Рудольф Эдуардович Партус работал прорабом на строительстве Черноярской оросительной системы, когда студент гидрофака Омского сельскохозяйственного института приехал в Павлодарское СМУ на практику.

 

В Павлодар и на практику, и — по окончании института — на работу он попал по контракту, заключенному на четвертом курсе с приехавшими в институт руководителями треста Целинказахводстрой. Контракт заключили вместе с женой Таней, с которой учились на одном факультете, в одной группе и поженились на третьем курсе, что среди студентов не редкость.

 

Контракт давал солидную прибавку в нищенский студенческий бюджет. Целинказахводстрой выплачивал контрактникам через институтскую кассу ежемесячно по семьдесят рублей, тогда как институтская «стипешка» была сорок рублей. За это контрактник был обязан по окончании института отработать в Казахстане определенное контрактом время.

 

Чета Полежаевых приехала в Павлодарское СМУ, строившее Черноярскую оросительную систему, когда на берегу Иртыша возводилась крупная насосная станция. От будущей станции уже начали прокладывать в степь металлические трубы.

 

Леонида определили помощником мастера, затем прорабом. Бригада его — около двадцати человек — работала на укладке труб, планировке орошаемого массива площадью в пять тысяч гектаров.

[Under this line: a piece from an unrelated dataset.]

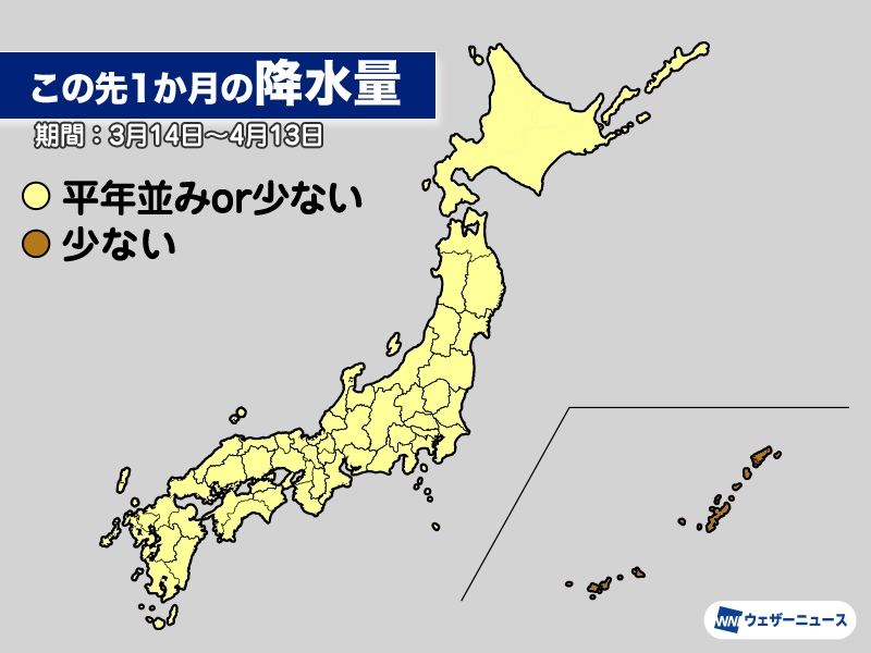 太平洋側では2月下旬からの天気の崩れで少雨傾向は幾分解消されましたが、再び雨が少なくなるため渇水による影響が懸念されます。

Работать стали вместе с женой. Работа гидростроителя — в степи, где никакого жилья-пристанища...

 

Таня в первые дни практики была несколько ошарашена увиденным. После двух-трех дней хмурого молчания наставилась широко открытыми глазами на мужа:
— Лёня, куда мы попали?! Здесь же, — глядит взыскующе, — какие-то Каракумы... — Молчит, ожидая его ответа. Он тоже молчал, только полные губы чуть подрагивали в какой-то неопределенной полуулыбке.
— Л-люди? — продолжила она, не дождавшись его ответа. — Это же... не бригада строителей. Ты видел, какие... — хотела сказать «рожи», смягчила: —...лица? Прыщеватые... В глазах что-то дикое... Где только таких и насобирали?
— Многие, — ответил, — отбывшие срок заключенные. Другие — из разных мест шабашники, за «длинным» рублем приехавшие. — Усмехнулся шире: — А ты думала увидеть здесь рафинированных патриотов, энтузиастов бескорыстных? Такие, Таня, бывают только в романах, газетах. В эту дикую степь, где летом духота с пылью, забивающей нос, рот, глаза... Зимой, говорят, жестокие морозы, пронзительные метели, в которых гибнут люди в двух шагах от жилья, — такие не поедут.

 

Таня опустилась на грядку свежевырытой земли из траншеи.
— И ты говоришь об этом так спокойно... Я завтра же уеду. Не могу с такими... — кивнула на рабочих, чуть в отдалении укладывающих трубы.
— Привыкнешь. Люди как люди... — Леонид присел рядом, обнял Таню за плечи. — Мы с тобой — гидростроители. Сами выбрали такую судьбу... А она, судьба наша, — скитаться по степям, безлюдным землям. Работать со всяким сбродом... — Крутнул несогласно головой, поправился: — С разными людьми. И бывшие зеки — такие же люди. И никуда ты не уедешь...

 

Ему уже нравилось здесь. Что — жара?! Голая унылая степь?.. Хотя она не виделась ему такой, было свое очарование и в ней — это наперекор немилостивой природе там и сям виднеющиеся зеленые растеньица, как бы доказывающие всепобеждающую силу жизни. И далекая темно-синяя широкая черта горизонта, сливающаяся с голубизной небесного свода, казалась ему где-то давным-давно виденной.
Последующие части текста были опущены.